[What needs to be done] The response should repeat word for word every line below from the one with "Constructed from a" to the one with "A pristinely located", inclusive, and nothing else; leave pictures out.

[Material shown]
-------------------------

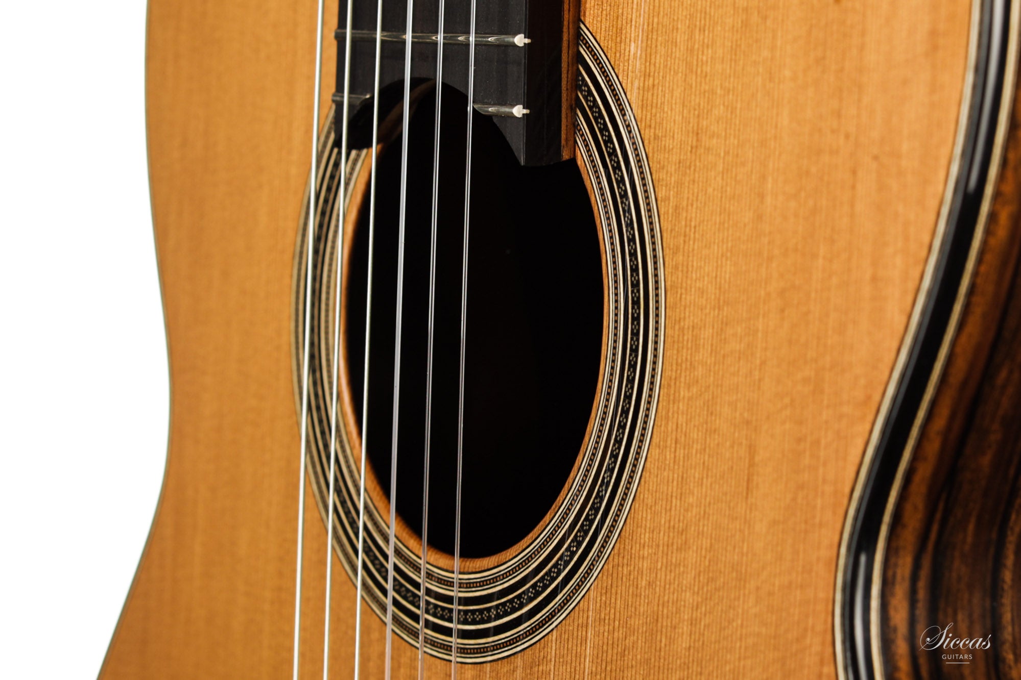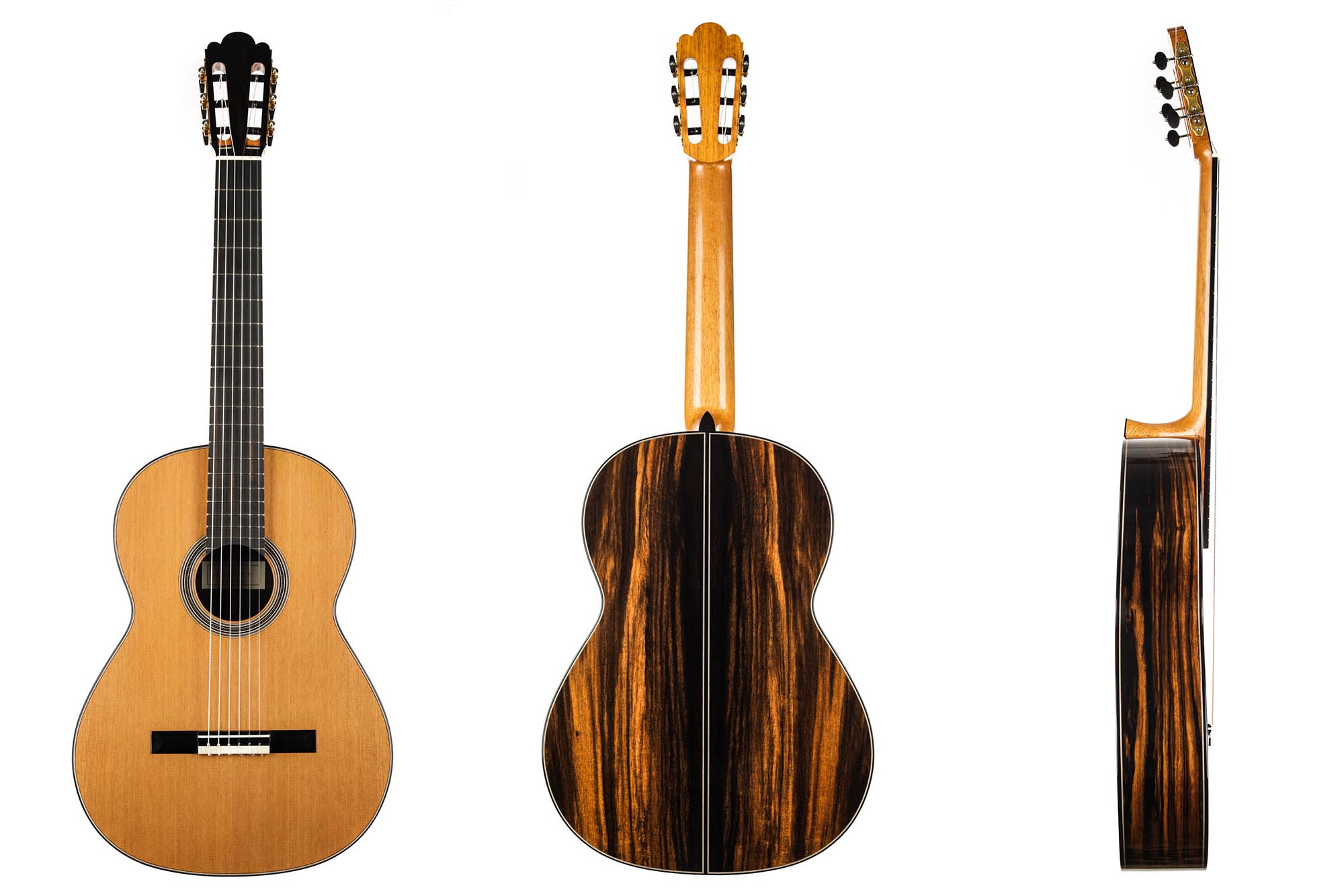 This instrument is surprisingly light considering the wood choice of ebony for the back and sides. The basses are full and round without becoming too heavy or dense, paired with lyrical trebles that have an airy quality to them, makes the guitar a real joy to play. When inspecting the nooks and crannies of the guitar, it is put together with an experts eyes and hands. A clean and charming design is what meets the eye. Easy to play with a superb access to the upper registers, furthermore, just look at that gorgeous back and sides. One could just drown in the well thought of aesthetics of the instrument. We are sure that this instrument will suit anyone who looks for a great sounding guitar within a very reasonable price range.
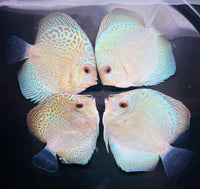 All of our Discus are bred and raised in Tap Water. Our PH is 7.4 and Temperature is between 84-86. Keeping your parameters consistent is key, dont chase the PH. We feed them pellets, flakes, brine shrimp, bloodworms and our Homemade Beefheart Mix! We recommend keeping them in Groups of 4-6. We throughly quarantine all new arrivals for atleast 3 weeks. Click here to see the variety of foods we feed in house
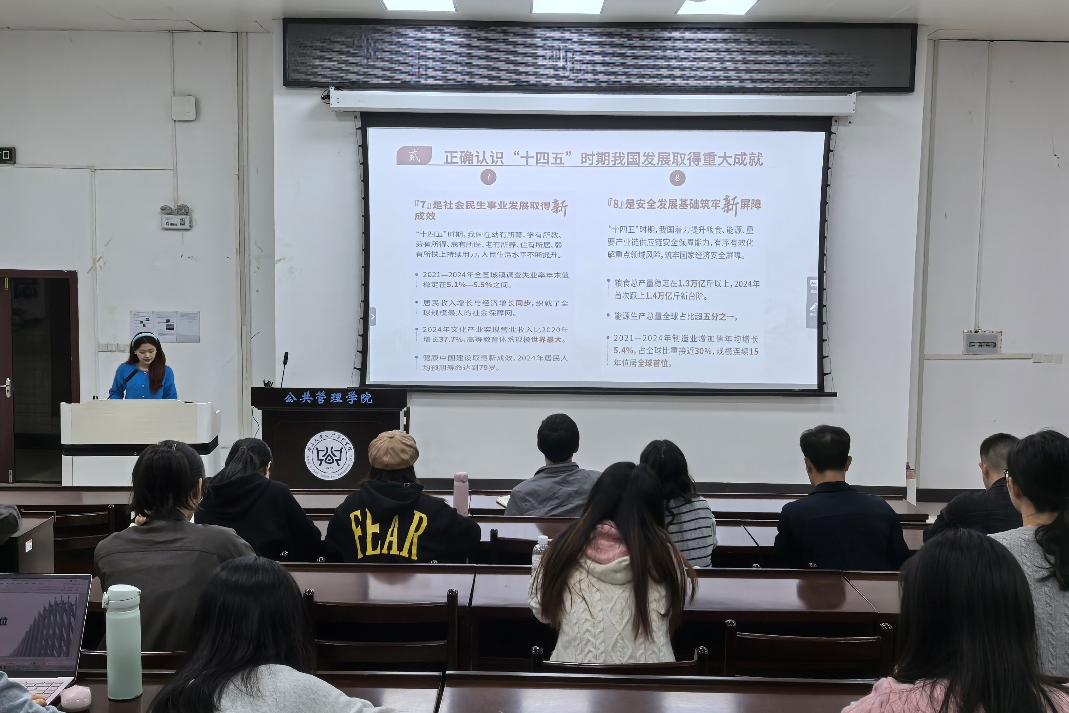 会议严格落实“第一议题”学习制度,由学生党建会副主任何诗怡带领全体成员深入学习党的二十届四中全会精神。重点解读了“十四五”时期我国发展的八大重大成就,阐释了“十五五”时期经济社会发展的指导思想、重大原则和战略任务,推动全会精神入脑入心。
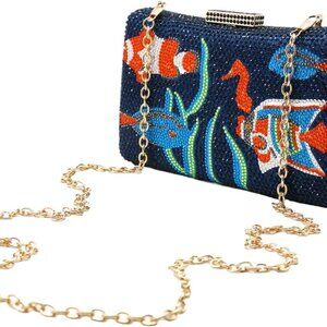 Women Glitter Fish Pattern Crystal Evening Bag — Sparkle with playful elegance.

-------------------------

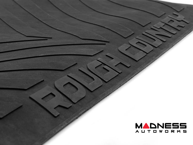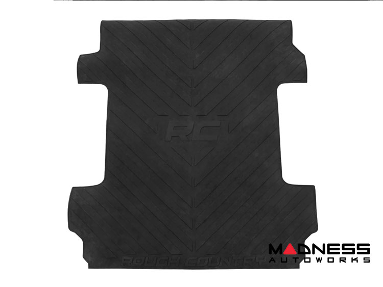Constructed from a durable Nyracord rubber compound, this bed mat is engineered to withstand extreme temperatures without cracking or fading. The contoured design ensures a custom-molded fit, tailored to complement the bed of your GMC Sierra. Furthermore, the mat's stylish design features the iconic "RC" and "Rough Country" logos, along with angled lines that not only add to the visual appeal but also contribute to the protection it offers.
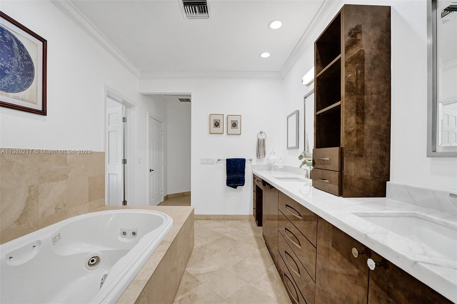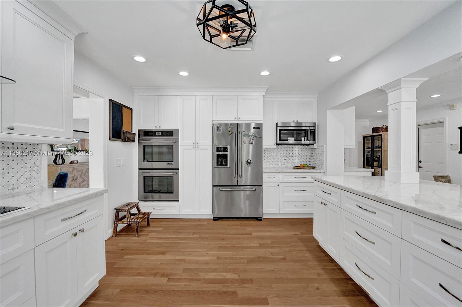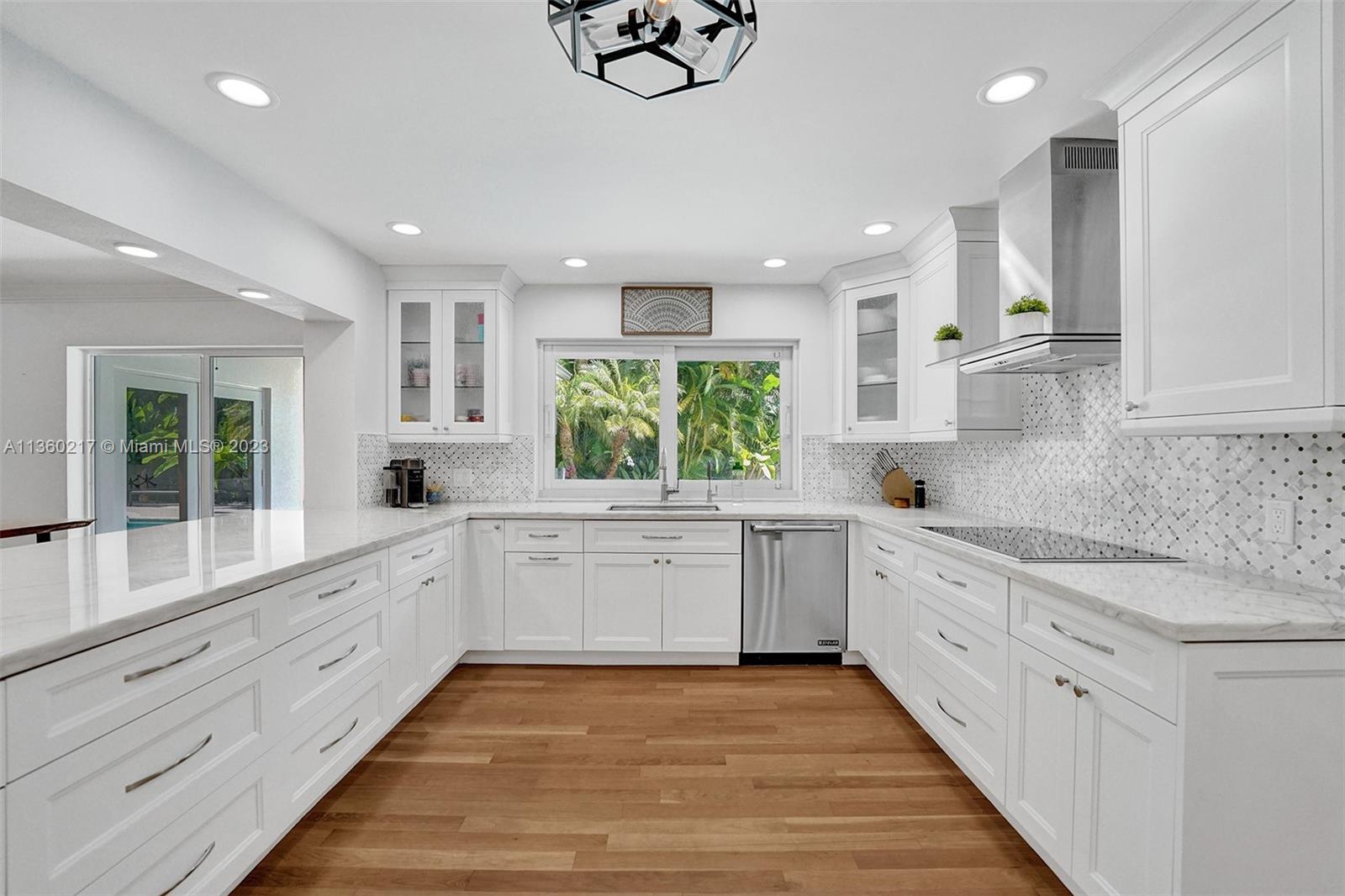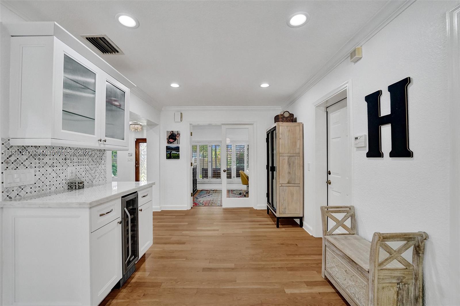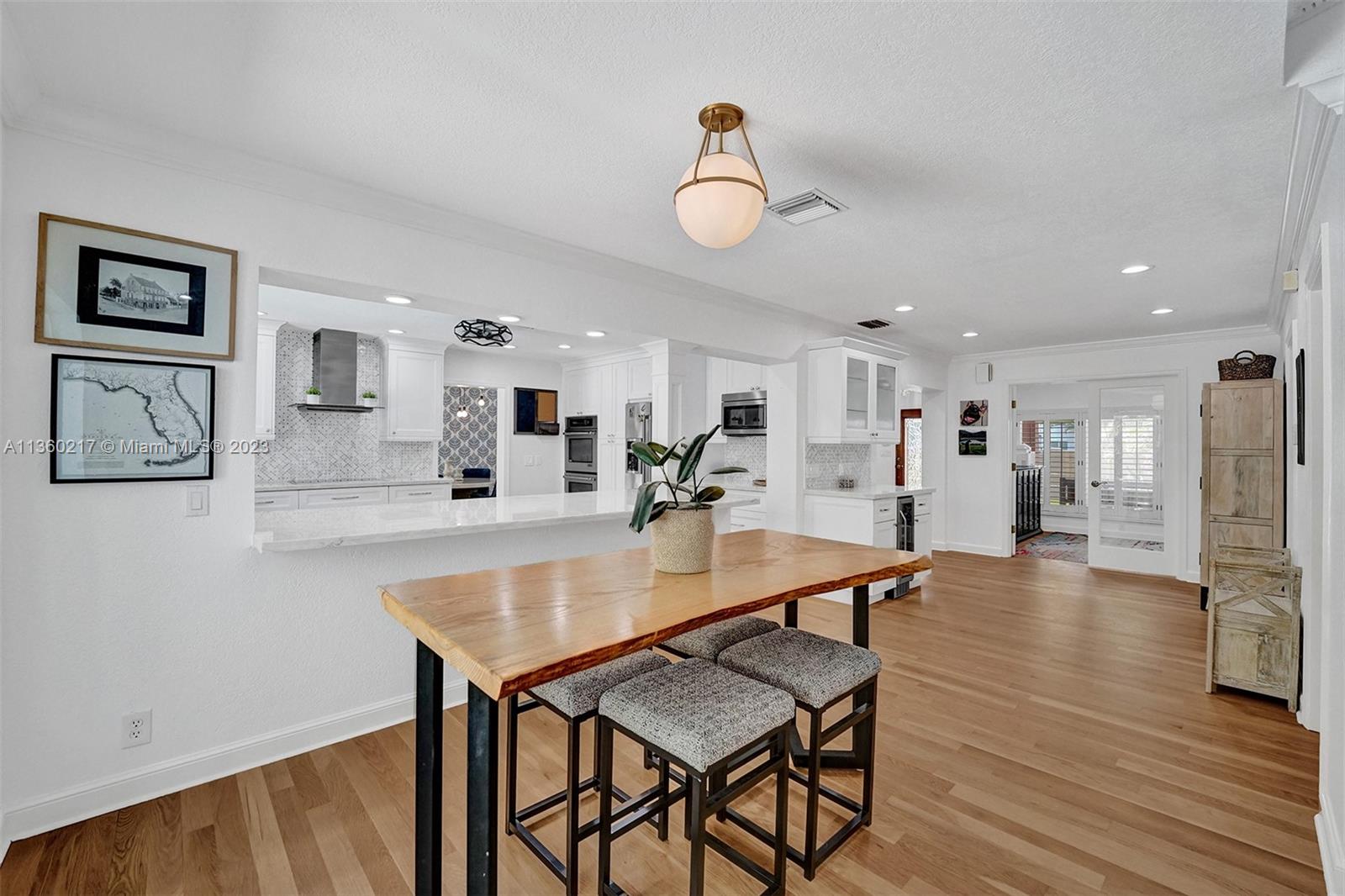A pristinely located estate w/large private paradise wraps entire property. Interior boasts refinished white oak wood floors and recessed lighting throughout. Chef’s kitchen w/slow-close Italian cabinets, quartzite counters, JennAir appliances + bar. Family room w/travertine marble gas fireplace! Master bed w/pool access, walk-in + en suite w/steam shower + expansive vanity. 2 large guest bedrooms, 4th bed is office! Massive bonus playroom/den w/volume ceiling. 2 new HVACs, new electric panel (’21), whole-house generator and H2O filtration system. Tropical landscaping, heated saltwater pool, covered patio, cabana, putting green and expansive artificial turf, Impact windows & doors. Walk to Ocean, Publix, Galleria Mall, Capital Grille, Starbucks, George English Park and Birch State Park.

-------------------------

[Result of the exercise]
Constructed from a durable Nyracord rubber compound, this bed mat is engineered to withstand extreme temperatures without cracking or fading. The contoured design ensures a custom-molded fit, tailored to complement the bed of your GMC Sierra. Furthermore, the mat's stylish design features the iconic "RC" and "Rough Country" logos, along with angled lines that not only add to the visual appeal but also contribute to the protection it offers.
A pristinely located estate w/large private paradise wraps entire property. Interior boasts refinished white oak wood floors and recessed lighting throughout. Chef’s kitchen w/slow-close Italian cabinets, quartzite counters, JennAir appliances + bar. Family room w/travertine marble gas fireplace! Master bed w/pool access, walk-in + en suite w/steam shower + expansive vanity. 2 large guest bedrooms, 4th bed is office! Massive bonus playroom/den w/volume ceiling. 2 new HVACs, new electric panel (’21), whole-house generator and H2O filtration system. Tropical landscaping, heated saltwater pool, covered patio, cabana, putting green and expansive artificial turf, Impact windows & doors. Walk to Ocean, Publix, Galleria Mall, Capital Grille, Starbucks, George English Park and Birch State Park.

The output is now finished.